This is an interesting time for medical students in the class of 2016. With the end of second year right around the corner, Doctoring in Vermont under my belt, and my sights set on USMLE Step 1, I have become very aware of the profound amount of preclinical knowledge we all have accumulated in the past year and a half. At times, it has felt overwhelming. However, I have also become aware of a minor gap in medical education. During first year, I quickly realized that most, if not all, M.D. degree granting programs do not incorporate formal courses on practice management and health insurance, accounting and finance, and the principles of business into their curricula. It is absolutely true that acquiring a solid grasp of the foundations material is essential to becoming a good physician, but knowing how to run your own practice, deal with insurance companies, and hire essential personnel are equally important, as is an understanding of healthcare economics.

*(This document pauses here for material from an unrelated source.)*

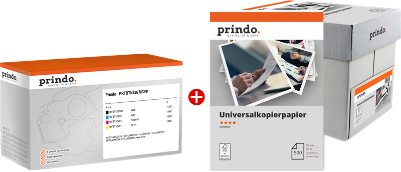 Prindo Classic black / cyan / magenta / yellow value pack (PRTBTN326 MCVP) 4 toner: 1x PRTBTN326BK + 1x PRTBTN326C + 1x PRTBTN326M + 1x PRTBTN326Y + 1x Prindo paper (PR802500A4P) 5x 500 sheets (1 box), DIN A4 white 80g/m² CI kr2,058.78VAT incl., free shipping directly from stock Delivery time 1-2 days add to basket Content White Classic black / cyan / magenta / yellow Graduated pricesfrom 1 pcs.kr2,058.78VAT incl.from 2 pcs.kr1,955.87VAT incl.from 4 pcs.kr1,852.93VAT incl.from 6 pcs.kr1,749.99VAT incl. Product information "Prindo Classic black / cyan / magenta / yellow value pack PRTBTN326 MCVP"value pack black / cyan / magenta / yellow Prindo Promise: Top quality for a fair price, that is what our exclusive private label product line stand for Remanufactured original toners and cartridges, working parts changes and only highest quality of colors and materials Only selected partners and suppliers 5 years guarantee on Prindo products – no loss of warranty for your printer Read moreread lessSuitable for the following printersBrother DCP-LDCP-L8400CDNDCP-L8450CDWBrother HL-LHL-L8250CDNHL-L8350CDWBrother MFCMFC-L8650CDWMFC-L8850CDWtechnical dataWeight & dimensionsWeight16965 kgHeight430 mmDepth600 mmWidth410 mmFeaturesBrand compatibilityPrindoCartridge return & recyclingYesMaster (outer) case GTIN (EAN/UPC)SizeStandardYesAll details without engagement. Data source: IceCatManufacturer information on product safety (GPSR)Media-Concept Bürobedarf GmbH Inselkammerstrasse 582008 Unterhaching E-mail: mail@prindo.no Website: www.prindo.no Suitable accessories for your printer Original Brother TN-321BK black tonercolourTape Width Size colour: Page number:~2,500 pagesPage price:31.6 p / pagekr790.50VAT incl., free shipping directly from stock add to basket directly from stock add to basket directly from stock add to basket directly from stock add to basket directly from stock add to basket directly from stock add to basket directly from stock add to basket directly from stock add to basket Top seller compatible with Brother TN-326BK Prindo Green black tonercolourTape Width Size colour: Page number:~4,000 pagesPage price:11.7 p / pagekr467.32VAT incl., free shipping directly from stock add to basket Price / performance winner compatible with Brother TN-326BK Prindo Classic black tonercolourTape Width Size colour: Page number:~4,000 pagesPage price:13.7 p / pagekr546.89VAT incl., free shipping directly from stock add to basket directly from stock add to basket directly from stock add to basket directly from stock add to basket directly from stock add to basket directly from stock add to basket Original Brother toner for your printer. Brother TN-321BK black tonercolourTape Width Size:Standard colour: Page number:~2,500 pagesPage price:31.6 p / pagekr790.50VAT incl., free shipping directly from stock add to basket Brother TN-326BK black tonercolourTape Width Size:Standard colour: Page number:~4,000 pagesPage price:22.3 p / pagekr892.75VAT incl., free shipping directly from stock add to basket Brother TN-321C cyan tonercolourTape Width Size:Standard colour: Page number:~1,500 pagesPage price:70.2 p / pagekr1,052.95VAT incl., free shipping directly from stock add to basket Brother TN-326C cyan tonercolourTape Width Size:Standard colour: Page number:~3,500 pagesPage price:49.9 p / pagekr1,747.12VAT incl., free shipping directly from stock add to basket Brother TN-321M magenta tonercolourTape Width Size:Standard colour: Page number:~1,500 pagesPage price:70.2 p / pagekr1,052.25VAT incl., free shipping directly from stock add to basket Brother TN-326M magenta tonercolourTape Width Size:Standard colour: Page number:~3,500 pagesPage price:50.0 p / pagekr1,749.79VAT incl., free shipping directly from stock add to basket Brother TN-321Y yellow tonercolourTape Width Size:Standard colour: Page number:~1,500 pagesPage price:68.6 p / pagekr1,028.52VAT incl., free shipping directly from stock add to basket Brother TN-326Y yellow tonercolourTape Width Size:Standard colour: Page number:~3,500 pagesPage price:50.0 p / pagekr1,749.79VAT incl., free shipping directly from stock add to basket Our Top Sellers Compatible Prindo Green toner for your printer.✅ Level indicator ✅ Environmentally friendly recycled ✅ More printing performance ✅ 5-year warranty ✅ No loss of warranty for your printer compatible with Brother TN-326BK Prindo Green black tonercolourTape Width Size:Standard colour: Page number:~4,000 pagesPage price:11.7 p / pagekr467.32VAT incl., free shipping directly from stock add to basket Our price / performance winners Compatible Prindo Classic value pack for your printer.✅ Level indicator ✅ More printing performance ✅ 5-year warranty ✅ No loss of warranty for your printer compatible with Brother TN-326BK Prindo Classic black tonercolourTape Width Size:Standard colour: Page number:~4,000 pagesPage price:13.7 p / pagekr546.89VAT incl., free shipping directly from stock add to basket Prindo Classic black / cyan / magenta / yellow value packcolourTape Width Size:Standard colour: Page number:~7,000 pagesPage price:22.6 p / pagekr1,578.67VAT incl., free shipping directly from stock add to basket Prindo Classic black / cyan / magenta / yellow value packcolourTape Width Size:Standard colour: Page number:~14,500 pagesPage price:12.6 p / pagekr3,679.43-50%kr1,831.23VAT incl., free shipping directly from stock add to basket compatible with Brother TN-326C Prindo Classic cyan tonercolourTape Width Size:Standard colour: Page number:~3,500 pagesPage price:29.6 p / pagekr1,034.68VAT incl., free shipping directly from stock add to basket compatible with Brother TN-326M Prindo Classic magenta tonercolourTape Width Size:Standard colour: Page number:~3,500 pagesPage price:29.7 p / pagekr1,040.03VAT incl., free shipping directly from stock add to basket compatible with Brother TN-326Y Prindo Classic yellow tonercolourTape Width Size:Standard colour: Page number:~3,500 pagesPage price:30.2 p / pagekr1,057.83VAT

This gap in our education is not because medical schools lack resources; in fact, less than a handful of allopathic medical schools are stand-alone or are affiliated with universities that do not have business schools. It is due to the constraints and intense pressure placed on medical schools by the Liaison Committee on Medical Education, which demands that we are taught a large volume of high yield scientific knowledge in a specific time frame. It is the same reason why medical school professors cannot go on and on about their personal research and innovations – that information, however intriguing, may still be in its infancy and therefore far from standard practice or general fact. In other words, there is too much to learn already, and barely enough time to learn it all.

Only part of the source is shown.